For the beleaguered winemakers of France, threats come in many guises. One French grower complained that each bottle of New World wine that lands in Europe is a “bomb targeted at the heart of our rich European culture”. But few things agitate French winemakers more than other winemakers’ unspeakable irreverence towards the terroir, the mix of soil and climate found in the place where a vine is grown. The strength of feeling is so great that the country even has its own breed of, er, terroiristes. A group of masked, militant French winemakers has attacked foreign tankers of wine, bricked up a public building and caused small explosions at supermarkets.
Now France’s balaclava-clad winemakers have a new horror to see off: transgenic wine. Scientists have unpicked the genetic secrets of pinot noir, the grape that produces some of the world’s finest wines and also contributes to some blends of champagne. It turns out to be the offspring of two very different parent varieties — they have less genetic material in common, in fact, than humans do with chimpanzees. The researchers’ findings, which cast light on the origins of pinot noir’s subtle flavours, will make it easier to engineer new varieties that can grow in places where cultivation is impractical today. Efforts to create transgenic grapevines are well advanced, and transgenic wine yeasts are already starting to appear in American winemaking.
Alas, those working on transgenic vines have failed to heed the lessons of earlier GM-food fiascos. They are creating what the producers want (disease-resistant grapevines) rather than making tweaks that also appeal to consumers.

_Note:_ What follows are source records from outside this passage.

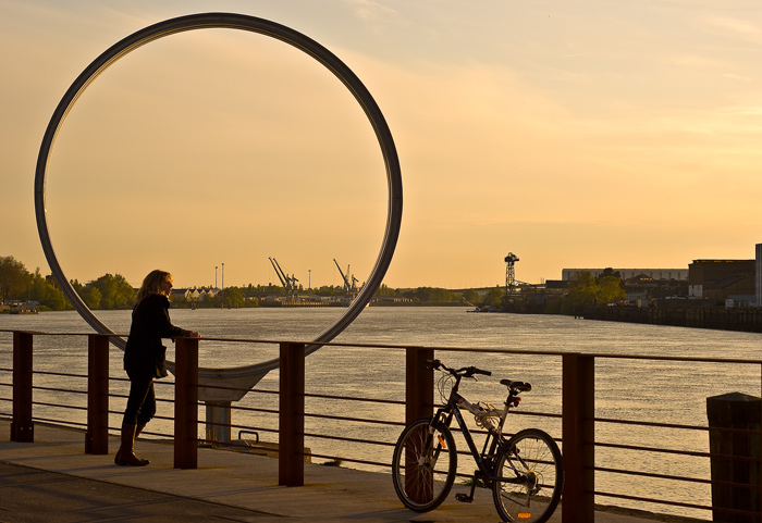 Bien joli, ce jeux de roues dans la lumière du soir : juste un petit regret pour la roue coupée du vélo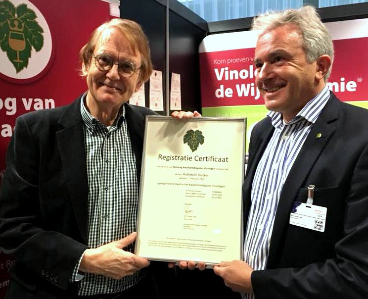 Sinds 1974 hebben zo’n 2500 wijnliefhebbers – de meesten professionals – het examen voor vinoloog met succes afgelegd. Zelf behoorde ik tot de allereerste lichting. Destijds echter was de wijnwereld veel kleiner dan nu. In het eerste cursusboek kwamen Argentinië, Australië, Chili, Nieuw-Zeeland, Zuid-Afrika en heel wat andere landen eigenlijk niet voor. Terwijl bovendien het nodige veranderd is wat wijnbouw en wijnbereiding betreft. De nieuwe stimulans tot zelfeducatie is dus een zeer wezenlijke. Ik schrijf dit mede omdat ik mij – als bedenker van het woord ‘vinoloog’ en schrijver van de eerste cursus – een soort vader voel van de vinologenfamilie. En wat attent, wat aardig, wat eervol, om uit handen van Ron Andes (voorzitter van de Wijnacademie) certificaat nummer één te mogen ontvangen. Naar verluidt heb ik sinds 1974 het nodige gereisd, geproefd en genoteerd om de wijnkennis van toen flink te vergroten. Zie www.wijnacademie.nl.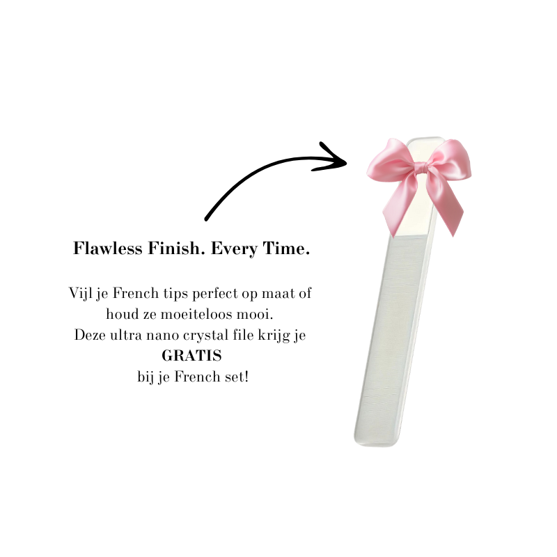 - Extra : Omdat French tips net dat tikkeltje meer zorg vragen, krijg je speciaal bij deze set een GRATIS Crystal Nail File. Deze luxe vijl helpt je nagels perfect te onderhouden en je French tips fris en crisp te houden.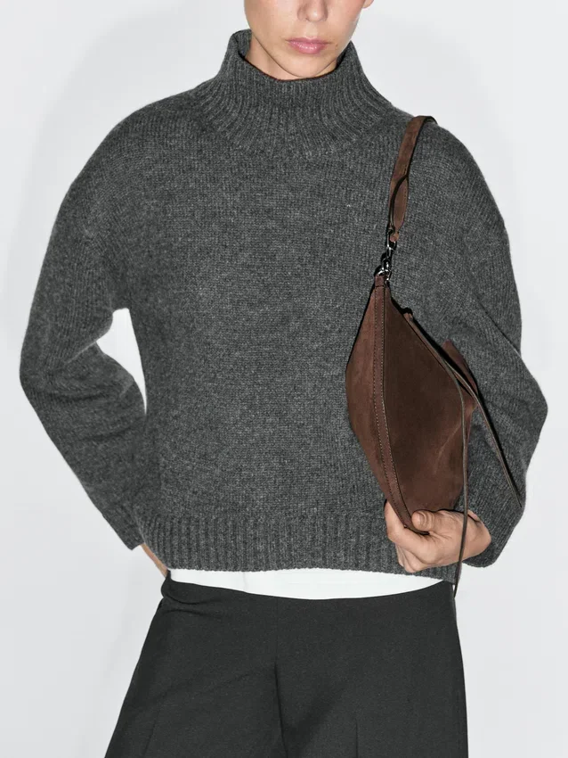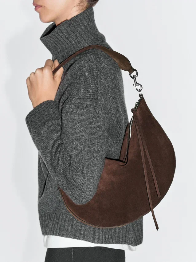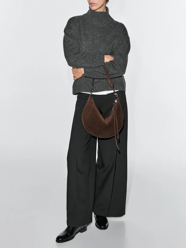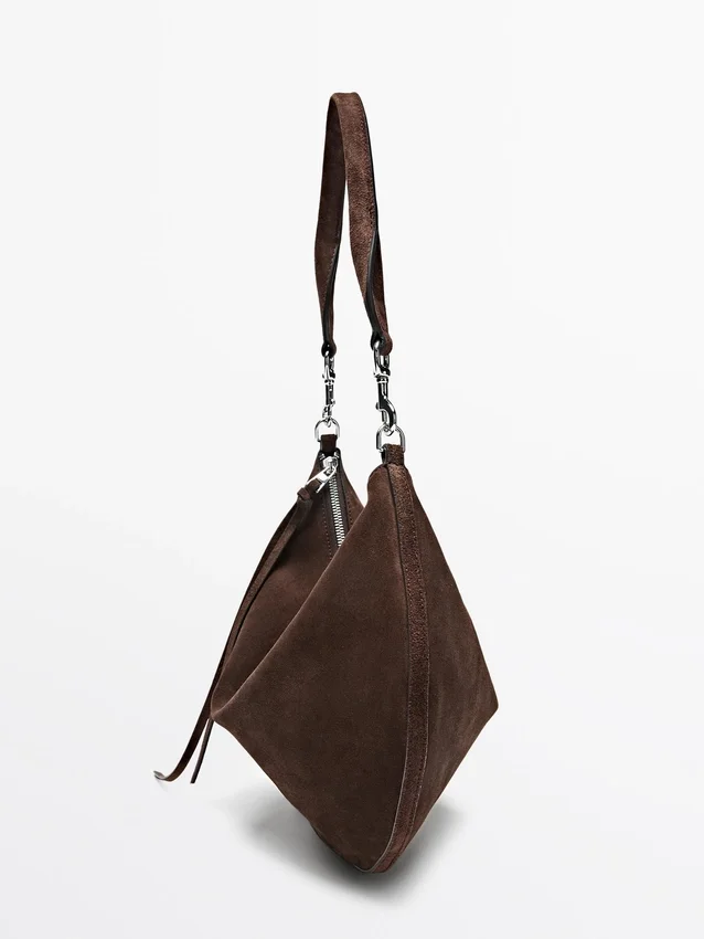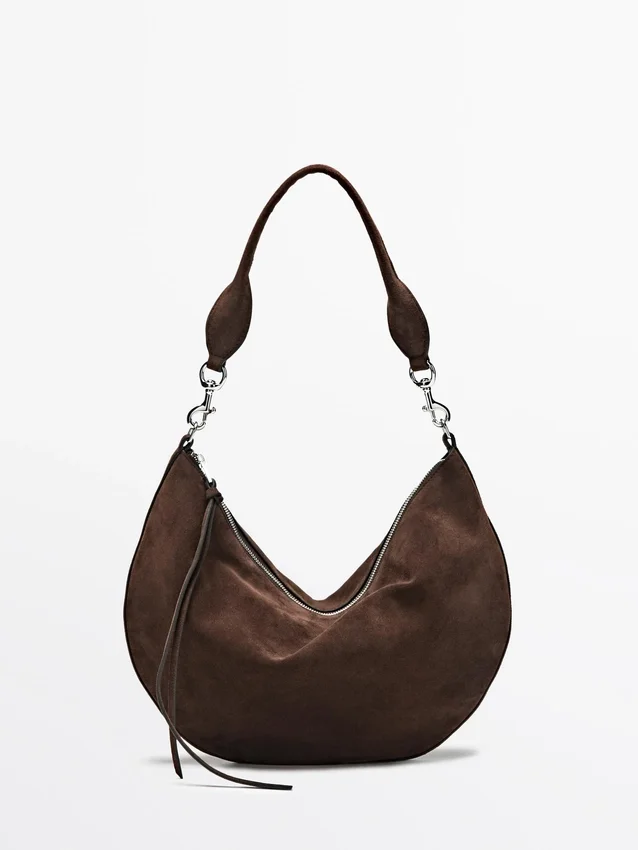 Borsa a mano realizzata in pelle bovina con finitura in pelle crosta. Un manico/tracolla. Chiusura con cerniera. Scomparto principale. Si chiude con linguetta in pelle.

What sort of traits might consumers want, you ask? More reliable flavours for one thing. No longer need you doubt whether a wine truly does possess flavours of exotic coffee, chocolate, Asian spice, roast duck and blackberry and prune liqueur. Genes from those very animals and plants could be spliced straight into the grape’s genome. Forget hours spent swilling, swirling, sniffing, gurgling and spitting — it will all be there in black and white, in the sequence data…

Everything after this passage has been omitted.